Bangkok-based petrochemical giant Indorama Ventures announced it has finished expanding its polyethylene terephthalate (PET) recycling facility in Brazil, almost tripling its capacity from 9,000 tons per year to 25,000 tons per year of PET made from post-consumer recycled material. As the most recycled plastic in the world today, PET is driving sustainable growth due to its recyclable, flexible, safe, and lightweight properties.
One of the world’s largest producers of recycled PET resin, Indorama invested $20 million to optimise the recycling facility, located in Juiz de Fora, in the south-eastern Brazilian state of Minas Gerais. The funding was funnelled into optimising the facility’s processes and acquiring new washing machines to help remove labels, grind bottles in water, and reduce water consumption by 70%.

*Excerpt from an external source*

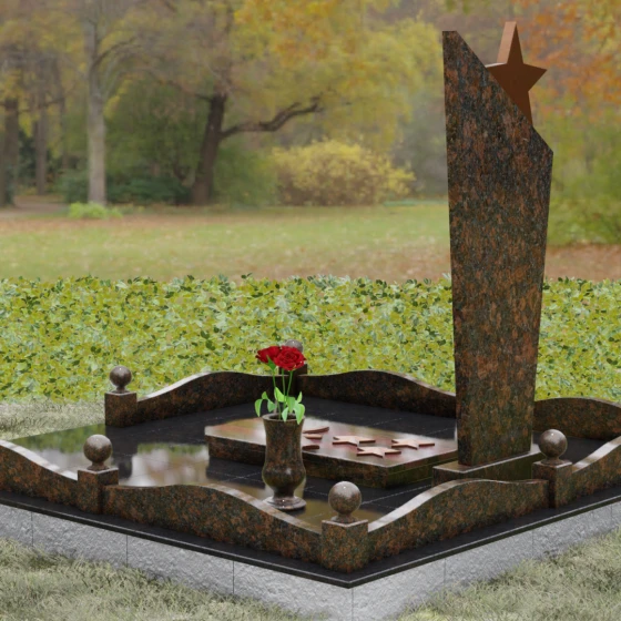 Основу композиции составляет массивное каменное полотно с уникальной асимметричной геометрией. Верхний край обелиска уходит в резкий диагональный подъем, создавая динамичный силуэт, устремленный к небесам. Венчает эту вершину объемная пятиконечная звезда — символ, выполненный в теплом бронзовом оттенке, который эффектно контрастирует с основным цветом камня. Зеркальная полировка лицевой грани доведена до эталонного блеска: поверхность буквально оживает, отражая окружающий мир и создавая глубину, в которой запечатлен портрет. Прямые, строгие линии боковых граней подчеркнуты аккуратными фасками, что придает всей конструкции архитектурную завершенность и визуальную легкость при сохранении колоссальной физической прочности.

The investment was supported by a Blue Loan from the International Finance Corporation (IFC), a member of the World Bank. Indorama Ventures received $300 million in funding in November 2020, as part of a blue finance scheme which aims to increase recycling capacity and divert plastic waste from landfills and oceans in Thailand, Indonesia, Philippines, India, and Brazil—countries which are grappling with mismanaged waste and serious plastic pollution in oceans.
“It is extremely gratifying to leverage the IFC’s generous funding to invest in important projects that build on Indorama Ventures’ industry leadership in sustainability,” said DK Agarwal, deputy group CEO of Indorama Ventures. “We are grateful to IFC for this blue loan reinforcing Brazil’s importance as a leader in sustainability, and which also recognises the excellence and potential of our recycling operations.”
Indorama Ventures has secured a total of $2.4 billion in long-term sustainable financing from various financial institutions between 2018 and 2022 to support sustainability projects. It has pledged to spend $1.5 billion to increase its recycling capacity to 50 billion PET bottles per year by 2025, up from the current 30 billion a year, equivalent to 495,000 tones. It plans to spend another billion to bring that number up to 100 billion by 2030.
The company entered the PET recycling business in 2011 and transforms post-consumer PET bottles into flakes, rPET resins, and recycled polyester yarns. It operates recycling facilities in Mexico, the United States, Brazil, Ireland, France, the Netherlands, Poland, Thailand, and in the Philippines.